The glyph is identical with an image in the Florentine codex, a document with which Frida and Diego were familiar.
Many of Frida’s self portraits were commissioned. One of her first monkey paintings, for example, was bought in 1938 by the industrialist, philanthropist and first president of the Museum of Modern Art in New York City, Anson Conger Goodyear.
Goodyear was one of a group of wealthy figures, from business, publishing and Hollywood, as well as from the private sector and diplomatic circles in Mexico, whose commissions enabled Frida and Diego (both of whom were Communist revolutionaries) to pay for Diego’s lavish collecting and Frida’s onerous medical bills.

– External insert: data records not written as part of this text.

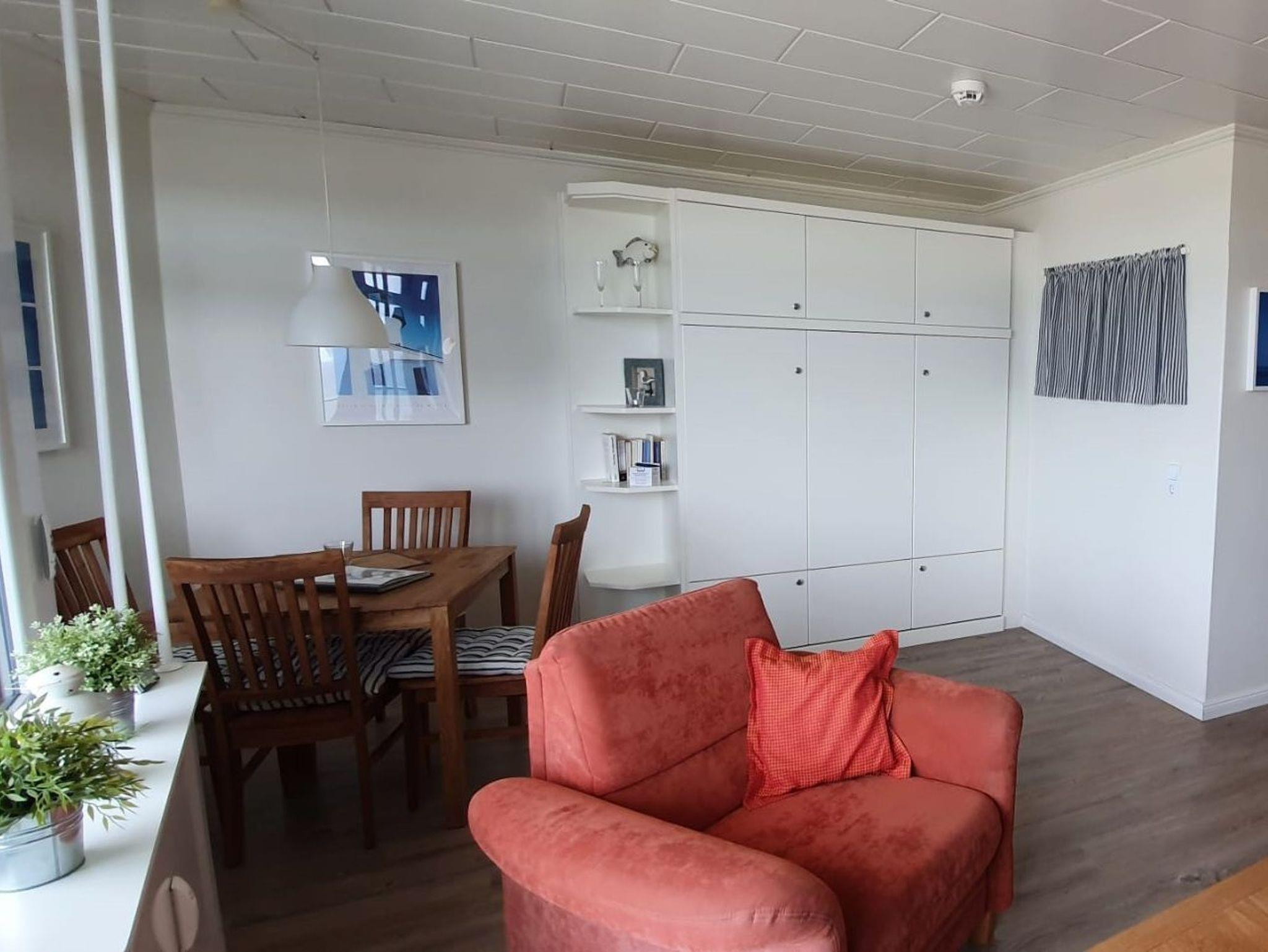 Der Wohnzimmerschrank lässt sich mit schnellem Handgriff in ein komfortables Doppelbett verwandeln, so dass man auch morgens direkt nach dem Aufstehen den Meerblick genießen kann.
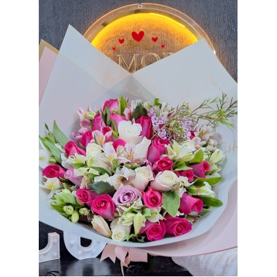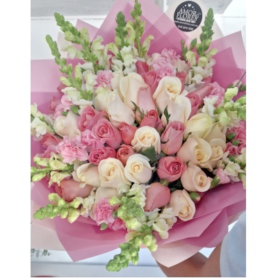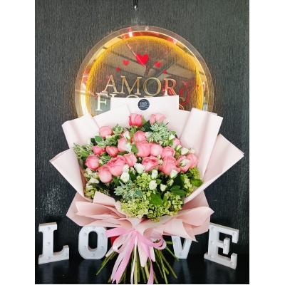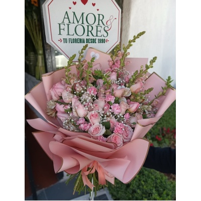 RAMO FLORAL CON 36 ROSAS HERMOSAS ACOMPAÑADAS DE ROSAS BABY
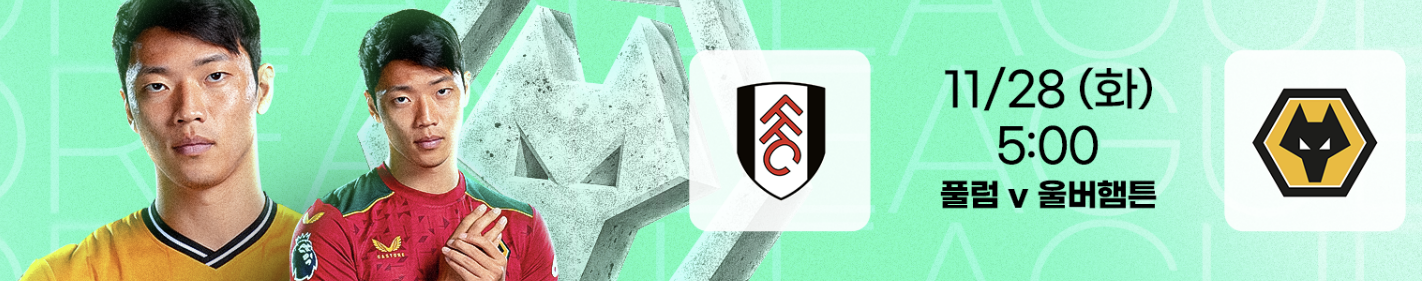 | 11.28.(화) | 05:00 | 풀럼VS울버햄튼 | 프리미어리그 |
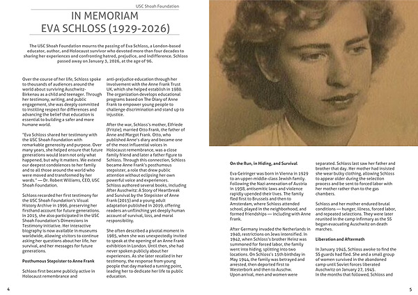 “Eva Schloss shared her testimony with the USC Shoah Foundation with remarkable generosity and purpose. Over many years, she helped ensure that future generations would learn not only what happened, but why it matters. We extend our deepest condolences to her family and to all those around the world who were moved and transformed by her words.” — Dr. Robert Williams, CEO, USC Shoah Foundation.
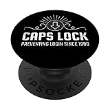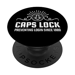 CAPS LOCK PREVENTING LOGIN SINCE 1980 for a computer geek, IT administrator or computer engineer Computer joke gift for developers and coders who love coding, programming and software engineering PopGrip with swappable top; switch out your PopTop for another design or remove it completely for wireless charging capabilities. (Not compatible with Apple MagSafe wireless charger or MagSafe wallet.) Expandable stand to watch videos, take group photos, FaceTime, and Skype handsfree. Advanced adhesive allows you to remove and reposition on most devices and cases. Note: Will not stick to some silicone, waterproof, or highly textured cases. Works best with smooth, hard plastic cases. Will adhere to iPhone 11, but not to the iPhone 11 Pro nor the iPhone 11 ProMax without a suitable case.

One of these patrons was Jacques Gelman, a Jewish exile from European fascism, who made a successful career in Mexico as film producer and early promoter of the actor Cantinflas. Together with his wife Natasha, Gelman assembled a spectacular collection of Mexican and European art. Some of their Frida and Diego paintings are now on show at the Art Gallery of New South Wales.
Frida Kahlo painted Self-Portrait with Cropped Hair shortly after she divorced her unfaithful husband, the artist Diego Rivera. As a painter of many self- portraits, she had often shown herself wearing a Mexican woman's traditional dresses and flowing hair; now, in renunciation of Rivera, she painted herself short haired and in a man's shirt, shoes, and oversized suit (presumably her former husband's).
Kahlo knew adventurous European and American art, and her own work was embraced by the Surrealists, whose leader, André Breton, described it as "a ribbon around a bomb." But her stylistic inspirations were chiefly Mexican, especially nineteenth-century religious painting, and she would say, "I do not know if my paintings are Surrealist or not, but I do know that they are the most frank expression of myself." The queasily animate locks of fresh-cut hair in this painting must also be linked to her feelings of estrangement from Rivera (whom she remarried the following year), and they also have the dreamlike quality of Surrealism. For, into the work she has written the lyric of a Mexican song: "Look, if I loved you it was because of your hair. Now that you are without hair, I don't love you anymore."